Tony Stark (Robert Downey Jr., whose performance seems meant to school Christian Bale in the art of playing things loose) finds himself in trouble with a weaselly senator (Garry Shandling). The lawmaker accuses Stark, who has been boasting to the world of his ability to keep the peace, of purposely developing an offensive weapon that he misleadingly calls a defensive weapon.
That this is exactly the argument liberals (and the Soviets) used to excoriate Ronald Reagan and his SDI plan is delicious — but it gets better. As played by Shandling, the senator, who is from Pennsylvania, bears more than a slight resemblance to Arlen Specter, the classic Capitol Hill weasel who called himself a Republican for as long as he found it convenient and is now not only a Democrat but one of the most reliably liberal members of his caucus.
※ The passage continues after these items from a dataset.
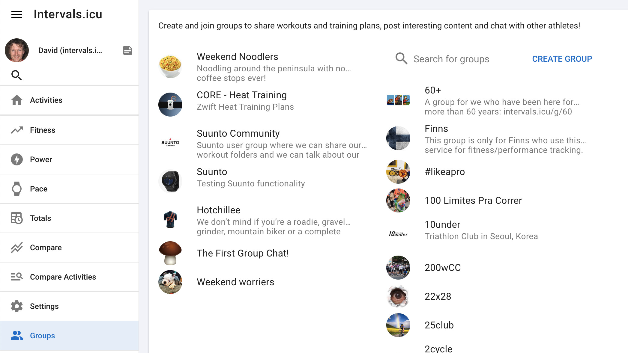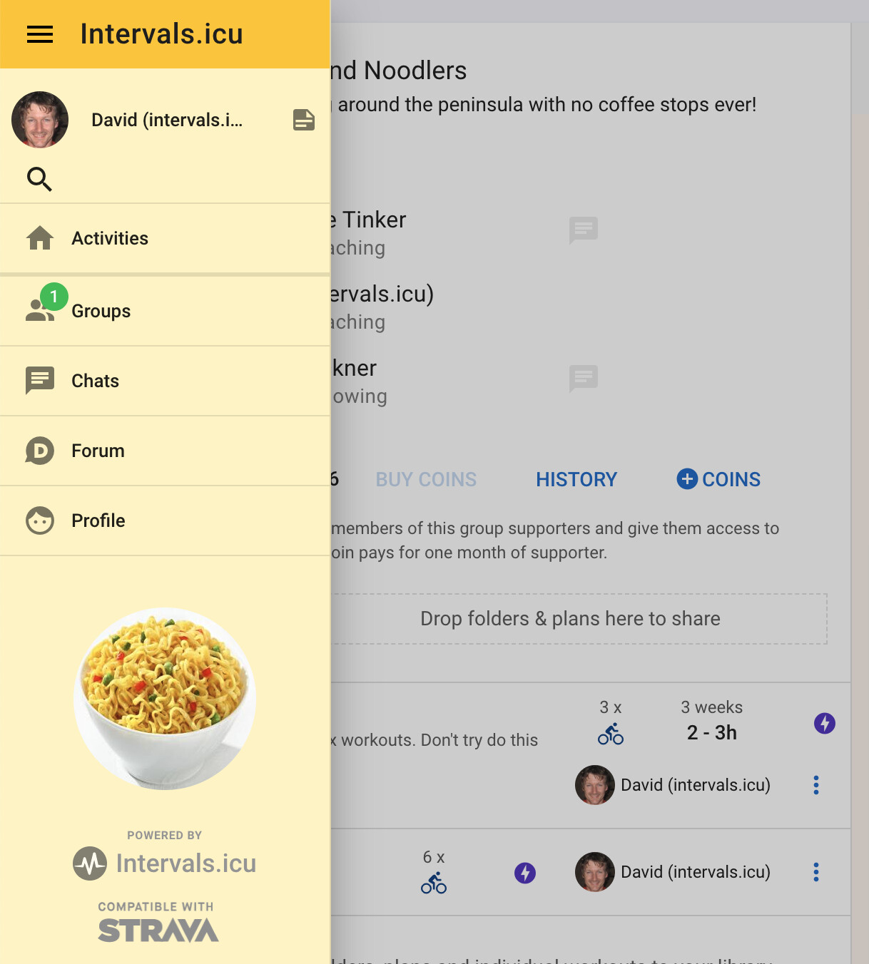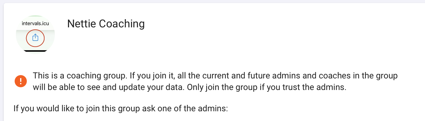 - Ask athletes to register on Intervals.icu and send them links to the groups (e.g. https://intervals.icu/g/weekend-noodlers) you want them to join. They just have to click one of the admins and ask to join
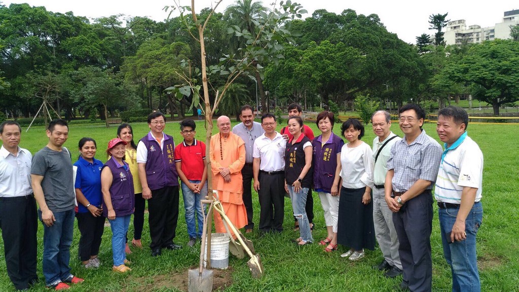 受台北瑜珈境創辦人羅明璋邀請到台灣的印度上師「阿希帝亞曼難陀」是古加拉地州立大學瑜珈與吠壇多學院院長,所主持的施化難陀修道所位於印度古吉拉特邦亞美達巴市,也是印度國父甘地及現任總理納倫德拉.莫迪的故鄉。今天(21日)的活動中,上師與台北市議員應曉薇聯手種了兩顆花語為「感謝」的黃花風鈴木,並且將樹取名為「愛國」,植樹現場同時貴賓雲集,包括印度僑胞協會主席、公燈處處長黃立遠、青年公園所楊主任、萬華區聯誼會會長張鴻杰並帶領青年次分區7位里長共襄盛舉。
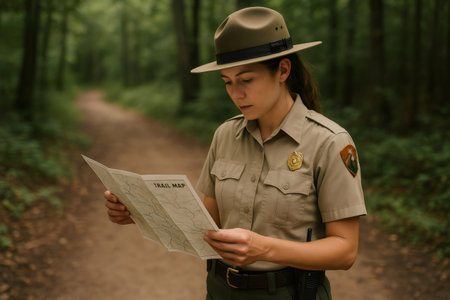 Park ranger examining a trail map while standing on a forest path, surrounded by lush greenery, highlighting outdoor exploration and navigation

Still better: In front of Congress, which Tony rightly mocks as his intellectual and moral inferiors, he delivers a stout defense of private property when the senator demands that he simply turn over the blueprints to his Iron Man suit. Stark points out that the country is doomed if it has to rely for its defense on the government’s chosen contractor, headed by a corporate tool named Justin Hammer (Rockwell) who thinks he is as smart as Tony but isn’t, quite.
And yet still better: Tony has his own Shepard Fairey-style “Hope” poster. It says “Iron Man” — a cheeky rebuke to an America that can elect a commander in chief who thinks perpetual apologizing is a bargaining position.
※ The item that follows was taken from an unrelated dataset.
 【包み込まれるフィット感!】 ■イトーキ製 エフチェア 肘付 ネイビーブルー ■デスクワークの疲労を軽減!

Meanwhile, halfway around the world, a terrifyingly single-minded Russian named Ivan (Mickey Rourke, who as he did in The Wrestler uses his wrecked looks to excellent effect), whose deceased father had a blood feud against Tony’s late dad (John Slattery of Mad Men), develops his own knockoff Iron Man suit and comes looking for Tony. He finds him, at the Monte Carlo car race that Tony joins on a lark.
But thanks to the twin high-voltage whips that Ivan can use to strip the side off an armored car, Tony, his bodyguard (director Jon Favreau), and his best girl Pepper Potts (Gwyneth Paltrow) find themselves in danger of being outgunned by this snarling, almost wordless psycho. Naturally Justin Hammer and Ivan soon join forces — as Tony notices with his typical heedless bravado that a flaw in the power source he uses to operate his mechanical heart is slowly, fatally poisoning him.
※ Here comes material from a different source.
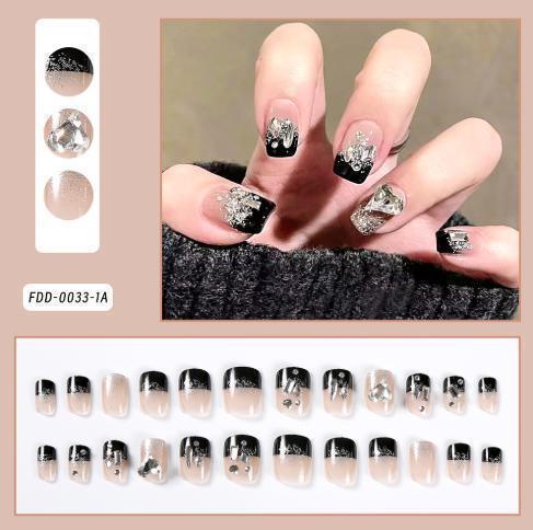 - 【訳あり】 ネイルチップ ブラック ビジュー ストーン 韓国風 24pacs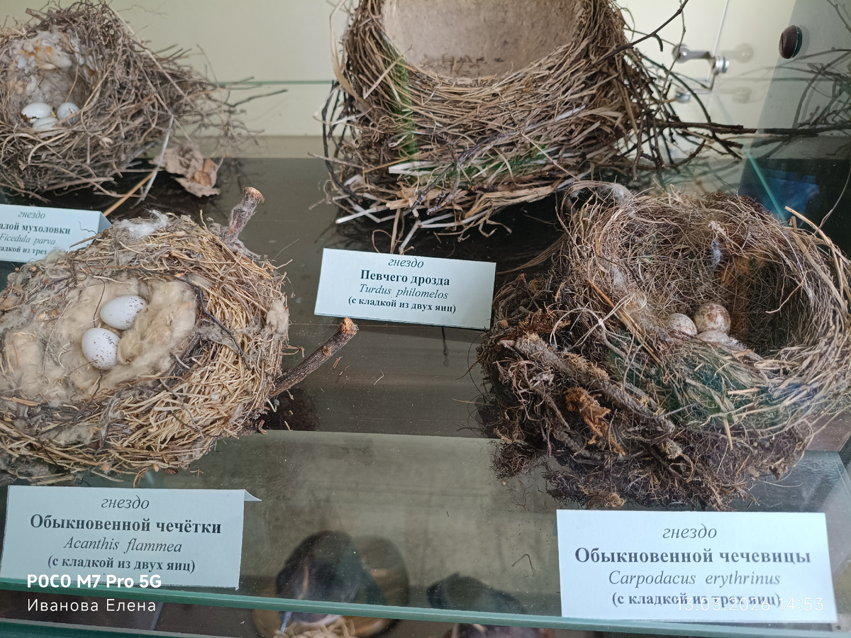 Красноярский край — обширный регион с разнообразной природой, где обитает множество видов птиц. Среди них есть небольшие пернатые, чьи гнёзда и яйца выделяются миниатюрными размерами. Рассмотрим двух представителей — чечевицу и варакушку. Фото гнезд сделаны автором канала в Красноярском краеведческом музее. Чечевица Общая характеристика Чечевица — небольшая птица семейства вьюрковых, размером с воробья (длина тела около 12–15 см). Самцы имеют яркое красно-малиновое оперение на груди и голове, самки — более скромное, буровато‑серое. Гнездо Яйца Варакушка Общая характеристика Варакушка — небольшая певчая птица из семейства мухоловковых, родственная соловью (длина тела около 13–15 см). Главная особенность — яркое сине‑рыжее пятно на груди у самцов, окаймлённое чёрным и рыжим. Самки окрашены скромнее. Гнездо Яйца Кто мельче? По размерам яиц и гнёзд эти виды очень близки. Формально: Таким образом, чечевица может считаться птицей Красноярского края с чуть более мелкими яйцами и гнёздами, х

That’s a lot of story — and I haven’t even mentioned Tony’s mysterious new assistant (Scarlett Johansson). But it all comes through clearly in Theroux’s fast-moving script. The action scenes are robust, especially the finale at the old World’s Fair site in Queens, N.Y., that also inspired the big finish of Men in Black, and Downey makes his many one-liners zing (he tells Nick Fury he doesn’t want to join his “superhero boy band”). Yet Rockwell is his equal, particularly in a hilarious monologue in which he describes his favorite weapons like “Uncle Gazpacho” (so called for the chunky red mess it tends to make of enemies) and “the ex-wife.”
Iron Man 2 is a big, brash, exciting, and brainy adventure, supercharged by its love for core American values. When the liberals huff that Tony Stark is a “lone gunslinger,” you know what he’s thinking: “Senator Weasel can have the rights to my Iron Man suit just as soon as he pries them out of my cold, dead hands.”
John Boot is the pen name of a conservative writer operating under deep cover in the liberal media.